Structural overlay of MamB and MamM CTD monomer apo-form structures from Alphaproteobacteria and Deltaproteobacteria species (PDB codes: 6QFJ (blue), 6QEK (green), 5HO5 (purple) and 3W5Y (yellow)). Root-mean-square deviation (RMSD) values calculated for monomers and dimers respectively, using Swiss-PDB-Viewer [35]. Overall, MamMBW-1 and MamMMSR-1 share the highest structural similarities with RMSD of 0.66 Å over 77 common backbone atoms.
Dimerization and functional conservation
To examine the protein oligomeric states and the dimerization interfaces within the crystal structures, we studied the dimer V-shaped structure (Fig 3A). MamMBW-1 dimerization interface relies mainly on the interactions between Pro278-Val283, Ser280-Ile282, Ile282-Ser280, and Val283-Pro278 and has a dimerization surface of 589 Å2. The contacts include hydrophobic interactions and hydrogen bonds similar to the interactions that were observed earlier for MamBQH-2, MamMMSR-1 and other CTDs [14,18,21]. Such interface is higher than previous dimerization surfaces, Alphaproteobacteria MamBQH-2 (497 Å2) or MamMMSR-1 (379 Å2) and CzrB apo form (393 Å2) [14,18,21]. A comparison of the degree-of-openness values between MamMBW-1 (Cα-Arg215, Pro231, and Arg215) (36.7°) to those in other CDF structures indicates that the dimer showed closer similarity to the closed metal-bound structures of YiiP (~30°) and previous structures of MamBQH-2 (~36°) and MamMMSR-1 (~45°) [14,15].
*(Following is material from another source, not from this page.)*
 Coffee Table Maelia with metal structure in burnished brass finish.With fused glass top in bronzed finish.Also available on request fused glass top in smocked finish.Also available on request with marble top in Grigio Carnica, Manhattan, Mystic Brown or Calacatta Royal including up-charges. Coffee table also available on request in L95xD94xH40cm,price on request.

(A) MamBBW-1 folded to a metallochaperone-like fold to create a V-shaped dimer. Overlap of the MamMBW-1 monomers on MamBBW-1 V-dimer structure (PDB codes: 6QFJ (Green), 6QEK (blue). (B) MamBBW-1 may create a stable V-shape dimer while the parallel S-shaped typical backbone structure, revealed in the dimerization interface after overlapping the monomers on MamMBW-1 dimer. Hydrophobic interactions between Val235-Pro231 and Ile233-Thr234 from each monomer may hold the dimer. (C) MamMBW-1 presents a stable dimerization interface located at the bottom of the V-shaped dimer. Dimerization interface stability rests on symmetrical backbone interaction between Pro278-Val283 and Ser280-Ile282.
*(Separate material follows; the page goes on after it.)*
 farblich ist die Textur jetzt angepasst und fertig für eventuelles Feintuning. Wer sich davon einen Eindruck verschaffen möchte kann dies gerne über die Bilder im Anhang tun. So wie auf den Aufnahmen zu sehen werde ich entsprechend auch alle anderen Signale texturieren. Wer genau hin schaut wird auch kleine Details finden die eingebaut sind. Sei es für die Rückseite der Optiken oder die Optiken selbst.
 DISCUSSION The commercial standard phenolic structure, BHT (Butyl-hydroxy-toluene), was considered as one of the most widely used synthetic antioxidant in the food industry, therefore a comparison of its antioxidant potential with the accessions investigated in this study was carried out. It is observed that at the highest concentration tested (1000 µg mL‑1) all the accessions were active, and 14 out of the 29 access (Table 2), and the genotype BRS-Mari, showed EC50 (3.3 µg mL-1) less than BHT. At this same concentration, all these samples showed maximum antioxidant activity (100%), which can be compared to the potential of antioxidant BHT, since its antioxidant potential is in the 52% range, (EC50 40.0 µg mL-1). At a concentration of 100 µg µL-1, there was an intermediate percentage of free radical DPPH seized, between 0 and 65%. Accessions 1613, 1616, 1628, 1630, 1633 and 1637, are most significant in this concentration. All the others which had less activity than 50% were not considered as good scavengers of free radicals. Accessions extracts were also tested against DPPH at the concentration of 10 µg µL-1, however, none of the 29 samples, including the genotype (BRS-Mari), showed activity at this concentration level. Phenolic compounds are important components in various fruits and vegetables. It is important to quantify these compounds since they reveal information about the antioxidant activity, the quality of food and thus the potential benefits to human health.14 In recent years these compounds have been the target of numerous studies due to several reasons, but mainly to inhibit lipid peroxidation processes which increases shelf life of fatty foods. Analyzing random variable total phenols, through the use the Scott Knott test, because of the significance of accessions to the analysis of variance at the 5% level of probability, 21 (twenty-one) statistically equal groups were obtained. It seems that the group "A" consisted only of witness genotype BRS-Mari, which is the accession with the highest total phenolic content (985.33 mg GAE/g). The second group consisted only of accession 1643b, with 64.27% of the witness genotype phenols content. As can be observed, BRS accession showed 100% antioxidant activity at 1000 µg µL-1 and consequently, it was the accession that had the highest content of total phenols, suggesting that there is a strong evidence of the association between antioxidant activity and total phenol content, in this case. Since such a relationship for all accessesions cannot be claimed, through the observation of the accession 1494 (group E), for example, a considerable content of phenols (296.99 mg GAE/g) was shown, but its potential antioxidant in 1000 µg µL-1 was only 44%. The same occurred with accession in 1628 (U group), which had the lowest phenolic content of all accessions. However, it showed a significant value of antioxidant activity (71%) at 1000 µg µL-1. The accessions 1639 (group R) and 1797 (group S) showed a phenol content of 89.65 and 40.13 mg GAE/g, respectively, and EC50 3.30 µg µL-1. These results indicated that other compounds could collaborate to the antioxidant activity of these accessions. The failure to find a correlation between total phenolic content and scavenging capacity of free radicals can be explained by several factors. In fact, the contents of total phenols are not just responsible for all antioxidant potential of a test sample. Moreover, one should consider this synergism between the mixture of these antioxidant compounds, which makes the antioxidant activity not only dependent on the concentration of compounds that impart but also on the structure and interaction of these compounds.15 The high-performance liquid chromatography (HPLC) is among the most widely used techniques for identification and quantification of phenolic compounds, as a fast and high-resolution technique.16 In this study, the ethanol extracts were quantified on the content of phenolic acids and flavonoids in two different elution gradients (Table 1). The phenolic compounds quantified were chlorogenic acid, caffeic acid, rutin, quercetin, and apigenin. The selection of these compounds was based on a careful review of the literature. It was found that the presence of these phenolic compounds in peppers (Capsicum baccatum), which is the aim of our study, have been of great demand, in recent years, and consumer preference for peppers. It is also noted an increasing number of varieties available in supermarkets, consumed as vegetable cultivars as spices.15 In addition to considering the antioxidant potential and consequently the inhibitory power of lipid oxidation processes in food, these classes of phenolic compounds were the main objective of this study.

In contrast to MamMBW-1, MamBBW-1 crystal structure exists as a monomer and does not create the classical V-shape dimer in the crystal, yet superimposition of MamBBW-1 monomers over MamMBW-1 V-shape dimer implies that MamBBW-1 may in high probability form a V-shaped dimer under the right conditions (Fig 3B). MamBBW-1 dimerization interface, similarly to all CDF-CTD structures, showed the typical parallel S-shaped backbone structure [14,17,18,21,28]. Moreover, it was previously shown that hydrophobic contacts hold the dimeric interactions. Support for such dimerization can be found at the possible interaction between Val235-Pro231 and Ile233-Thr234 from each monomer (Fig 3B). Additional support is given by the MamMBW-1 and MamBBW-1 electrostatic potential maps (Fig 4), showing that the top of MamBBW-1 monomer and the top of MamMBW-1 V-shaped dimer have hydrophobic and positive patches, while the lower parts have hydrophobic and negative electrostatic charges (Fig 4C and 4D). Such electrostatic distribution can fit the suggested CTD dimerization when the interaction between the CTD-TMD and the CTD- magnetosome membrane stabilizes and concentrates the proteins and leads to their dimerization. Moreover, similar electrostatic distribution can also be found in Alphaproteobacteria MamBQH-2 and MamMMSR-1 structures (Fig 4A and 4B). As an alternative, MamBBW-1 different oligomeric state can also be explained by crystal contact and crystallization conditions that break the dimer and create alternative contacts with similar or lower energy.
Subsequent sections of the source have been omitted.